We have to investigate why the requestingNode->NodePrincipal() in 
http://mxr.mozilla.org/mozilla-central/source/docshell/base/nsDocShell.cpp#10315
is different for e10s and regular mode.

In fact, in e10s, the principal is:
  https://github.com/PagueVeloz/ClientAPI/blob/master/python/pagueveloz/api/base.py
whereas in regular mode is
  SystemPrincipal

The Principal should be the same in both cases!
Depends on: 1094156
Blocks: 1006868
No longer depends on: 1094156
Still depending on bug 1094156.
Depends on: 1094156
Assignee: nobody → mrbkap
Blake, is this important enough to track?
Flags: needinfo?(mrbkap)
This definitely would have been, but has already been fixed.
Status: NEW → RESOLVED
Closed: 9 years ago
Flags: needinfo?(mrbkap)
Resolution: --- → DUPLICATE
Oops, I think I acted too quickly.
Status: RESOLVED → REOPENED
Resolution: DUPLICATE → ---
I've been looking at the principals in nsDocShell::DoURILoad in the non-e10s case and this is what I have so far - https://etherpad.mozilla.org/docShellPrincipals
In reference to <http://mxr.mozilla.org/mozilla-central/source/docshell/base/nsDocShell.cpp?rev=d639e397f2f0#10281>:

The difference in the top level case between e10s and non-e10s is that in regular Firefox, the top-level content docshell is in a <xul:browser>, which counts as a frame element. That's where the system principal comes from in comment 0. In e10s Firefox, we don't have a <xul:browser> in the child process so we fall into the GetExtantDocument case.

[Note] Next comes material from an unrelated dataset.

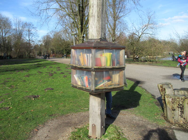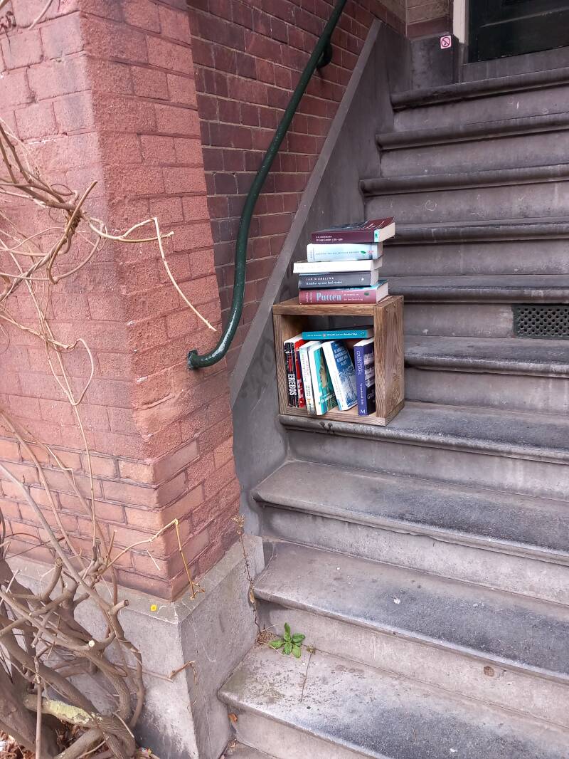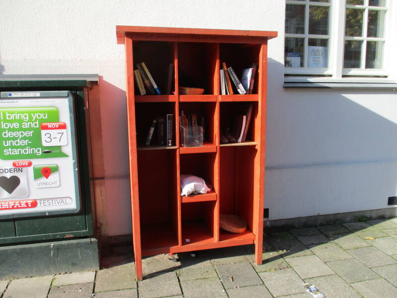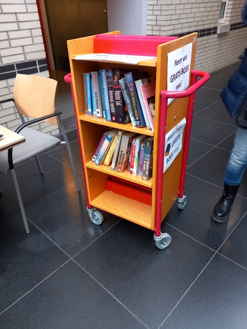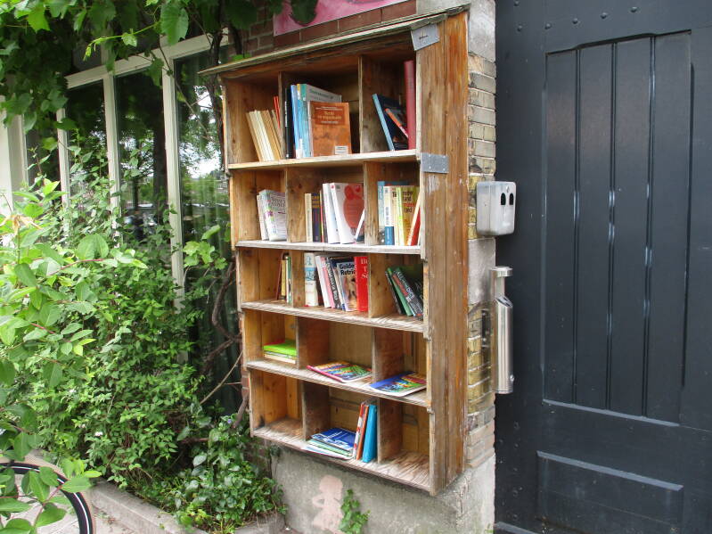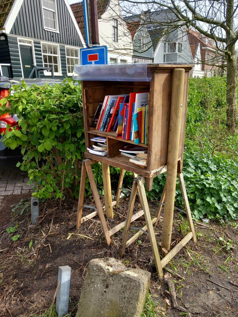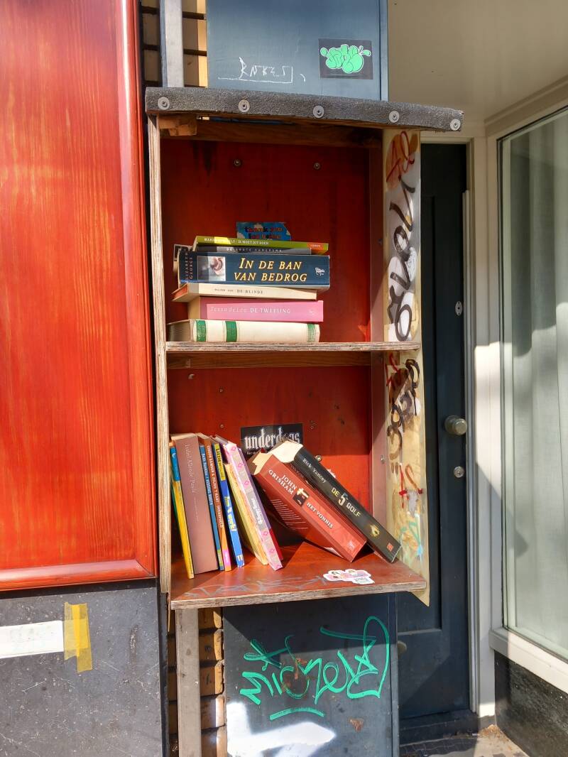 In Amsterdam staan veel boekenkastjes op straat waar men gratis een boek uit kan halen of bij kan zetten.

I don't really understand the call to GetExtantDocument, actually. If this is a load for a document that isn't in a frame, the requesting node doesn't seem like it should be the existing document (which is about to be replaced anyway). Can we use null there?
Status: REOPENED → NEW
Flags: needinfo?(mozilla)
(In reply to Blake Kaplan (:mrbkap) (please use needinfo!) from comment #6)
> In reference to
> <http://mxr.mozilla.org/mozilla-central/source/docshell/base/nsDocShell.
> cpp?rev=d639e397f2f0#10281>:
> 
> The difference in the top level case between e10s and non-e10s is that in
> regular Firefox, the top-level content docshell is in a <xul:browser>, which
> counts as a frame element. That's where the system principal comes from in
> comment 0. In e10s Firefox, we don't have a <xul:browser> in the child
> process so we fall into the GetExtantDocument case.

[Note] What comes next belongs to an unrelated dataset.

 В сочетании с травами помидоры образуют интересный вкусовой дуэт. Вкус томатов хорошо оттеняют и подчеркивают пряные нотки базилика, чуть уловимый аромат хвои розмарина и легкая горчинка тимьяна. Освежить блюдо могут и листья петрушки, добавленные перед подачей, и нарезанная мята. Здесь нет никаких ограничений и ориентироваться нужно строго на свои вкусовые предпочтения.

Thanks for the analysis - that's great to know.

> I don't really understand the call to GetExtantDocument, actually. If this
> is a load for a document that isn't in a frame, the requesting node doesn't
> seem like it should be the existing document (which is about to be replaced
> anyway). Can we use null there?

I think we can use null as the node, but in general I guess we want to to have the same node, and also node->NodePrincipal() in e10s and non-e10s. Jonas, what do you think? How would like to proceed?
Flags: needinfo?(mozilla) → needinfo?(jonas)
For what it's worth, we don't have a <xul:browser> in the child process at all. We could create some sort of hidden chrome page to parent currently top-level content docshells in child processes, but that seems very complicated to me.
I think the solution that I mentioned on the call yesterday would fix this.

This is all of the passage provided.